◆ **TASK OBJECTIVE**: Nothing should appear in the answer except the lines from the one with "当店ではただ今、「元日限定!" through the end of the listing below, transcribed exactly and without pictures.

◆ **INPUT DATA**:
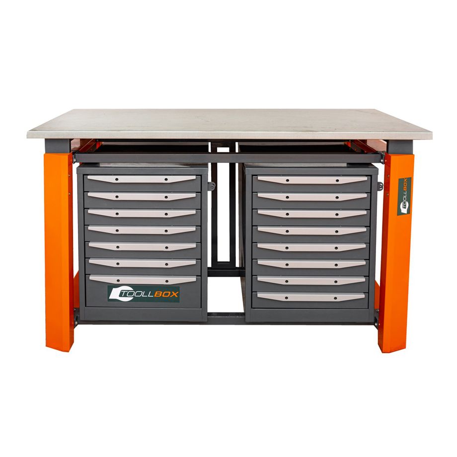 Комплектация модели включает одну тумбу с 7 ящиками и одну тумбу с 8 ящиками. Такая конфигурация особенно удобна для тех, кто ценит четкое разделение инструмента по категориям и хочет поддерживать порядок без дополнительных шкафов и приставных модулей.
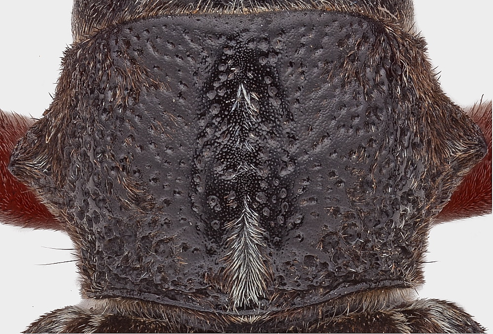 Per quasnto riguarda i tuoi Doircadion questa seconda foto rappresenta la forma autocroma della femmina di quello postato in precedenza. Il gruppo cinerarium (al quale questo appartiene) si riconosce per la presenza di una banda di pubescenza nera che affianca la banda bianca suturale. La determinazione "sulcipenne ssp. caucasicum" intesa nel senso di Lazarev/Danilevsky credo possa andare bene anche se questo è davvero indistinguibile dai cinerarium turchi o iraniani.
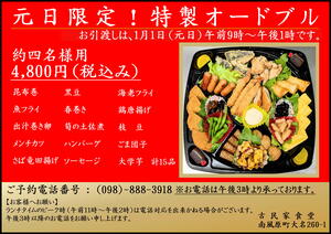 当店ではただ今、「元日限定!特製オードブル」(約4名様用の4800円)のご予約の承っております。限定数に達し次第、受付けを終了いたしますので、お早めにご予約くださいませ。
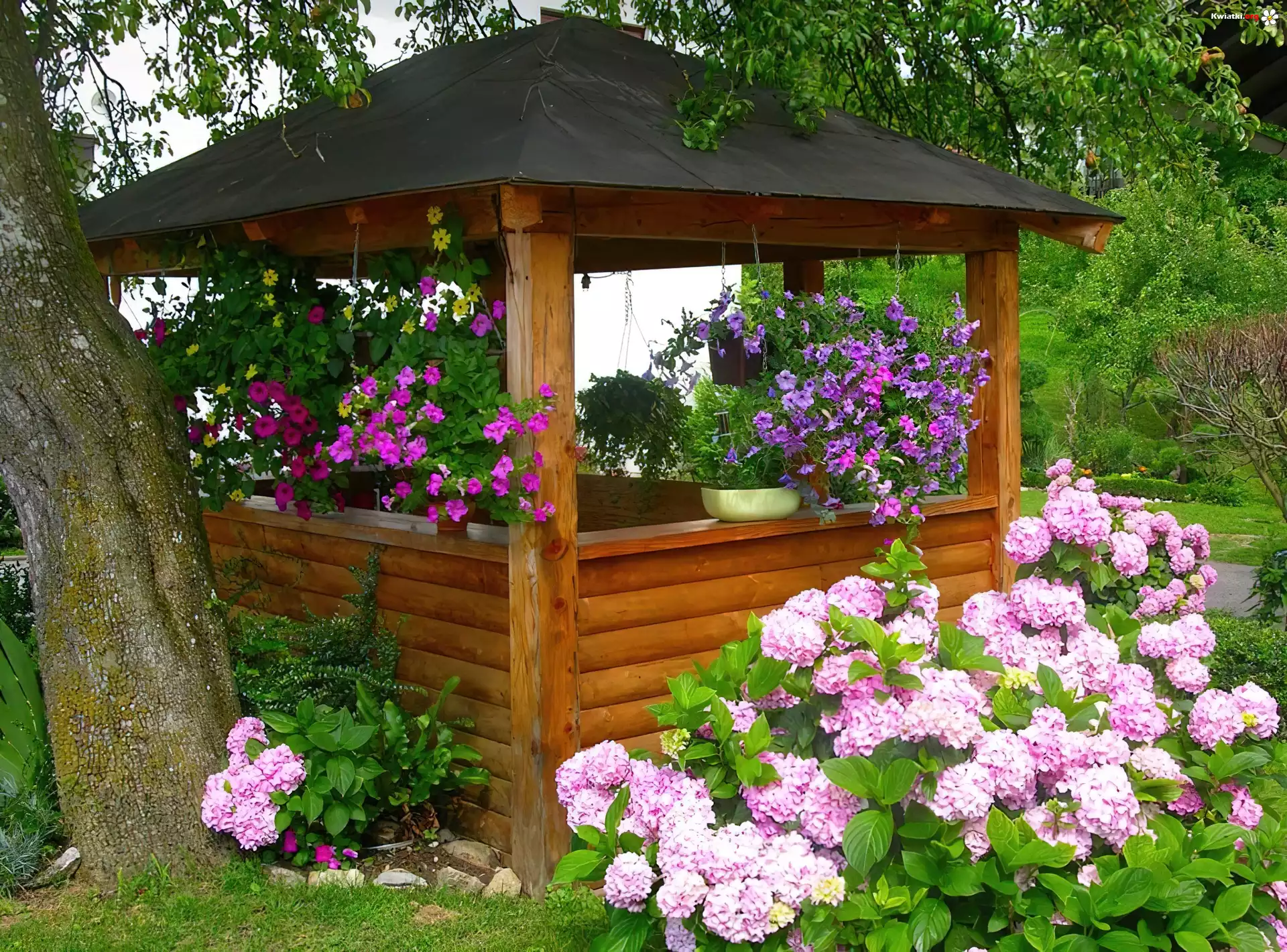 Ogród, Altanka, Kwiaty, Surfinia, Hortensja - Zdjęcia

◆ **ANSWER FOR THIS EXERCISE**:
 当店ではただ今、「元日限定!特製オードブル」(約4名様用の4800円)のご予約の承っております。限定数に達し次第、受付けを終了いたしますので、お早めにご予約くださいませ。
 Ogród, Altanka, Kwiaty, Surfinia, Hortensja - Zdjęcia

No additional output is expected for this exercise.